PROVIDED MATERIAL:
↓↓↓
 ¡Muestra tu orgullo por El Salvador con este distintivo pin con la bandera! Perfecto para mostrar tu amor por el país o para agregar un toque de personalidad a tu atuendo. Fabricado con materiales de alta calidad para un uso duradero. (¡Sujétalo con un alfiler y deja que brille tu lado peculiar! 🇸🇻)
↑↑↑
↓↓↓
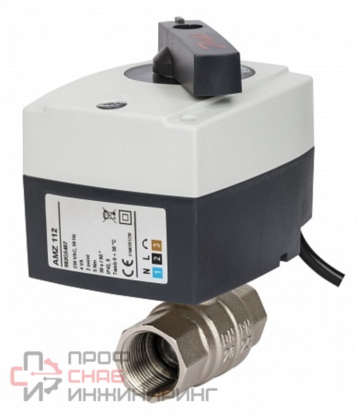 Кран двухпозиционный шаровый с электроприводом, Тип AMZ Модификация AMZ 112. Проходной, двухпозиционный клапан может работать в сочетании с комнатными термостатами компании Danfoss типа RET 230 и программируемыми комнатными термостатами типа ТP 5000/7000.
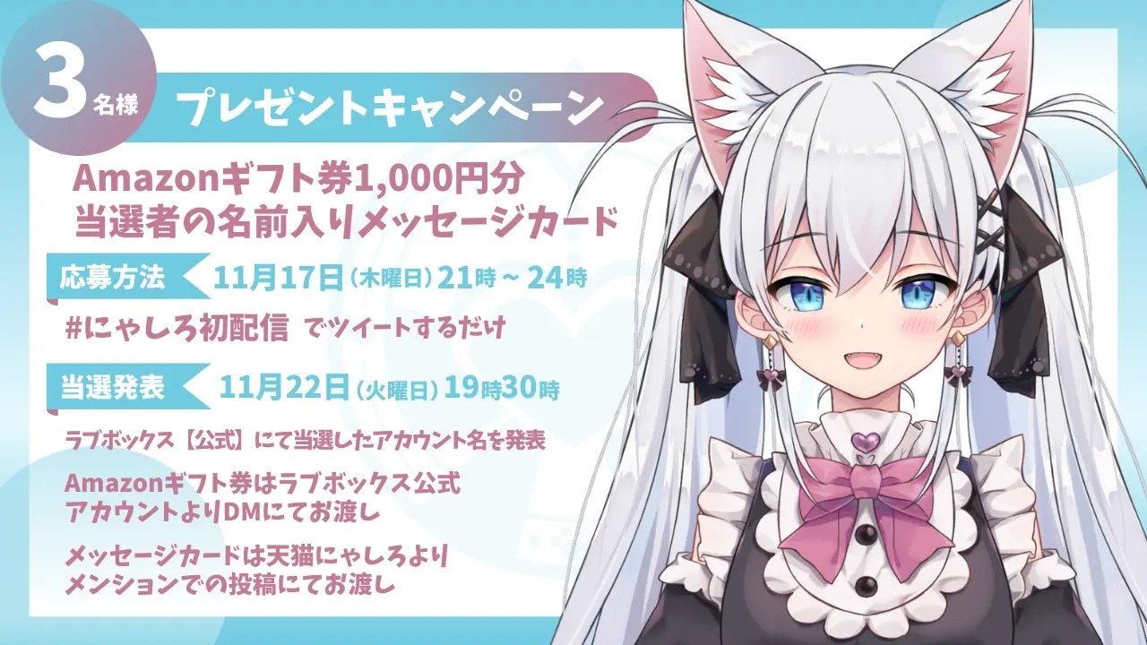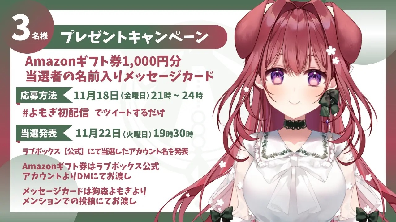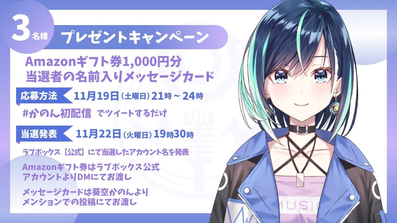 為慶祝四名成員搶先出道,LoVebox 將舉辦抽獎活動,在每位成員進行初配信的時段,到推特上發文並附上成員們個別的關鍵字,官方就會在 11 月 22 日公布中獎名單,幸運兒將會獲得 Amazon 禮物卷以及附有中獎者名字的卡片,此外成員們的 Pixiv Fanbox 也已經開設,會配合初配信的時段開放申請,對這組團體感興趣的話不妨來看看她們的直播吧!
↑↑↑
WHAT TO DO: Take the material above and output only the lines from the one that contains "Кран двухпозиционный шаровый" through the one that contains "Pixiv Fanbox 也已經開設,會配合初配信的時段開放申請,對這組團體感興趣的話不妨來看看她們的直播吧!", ends included and images left out.

WRITTEN ANSWER:
 Кран двухпозиционный шаровый с электроприводом, Тип AMZ Модификация AMZ 112. Проходной, двухпозиционный клапан может работать в сочетании с комнатными термостатами компании Danfoss типа RET 230 и программируемыми комнатными термостатами типа ТP 5000/7000.
 為慶祝四名成員搶先出道,LoVebox 將舉辦抽獎活動,在每位成員進行初配信的時段,到推特上發文並附上成員們個別的關鍵字,官方就會在 11 月 22 日公布中獎名單,幸運兒將會獲得 Amazon 禮物卷以及附有中獎者名字的卡片,此外成員們的 Pixiv Fanbox 也已經開設,會配合初配信的時段開放申請,對這組團體感興趣的話不妨來看看她們的直播吧!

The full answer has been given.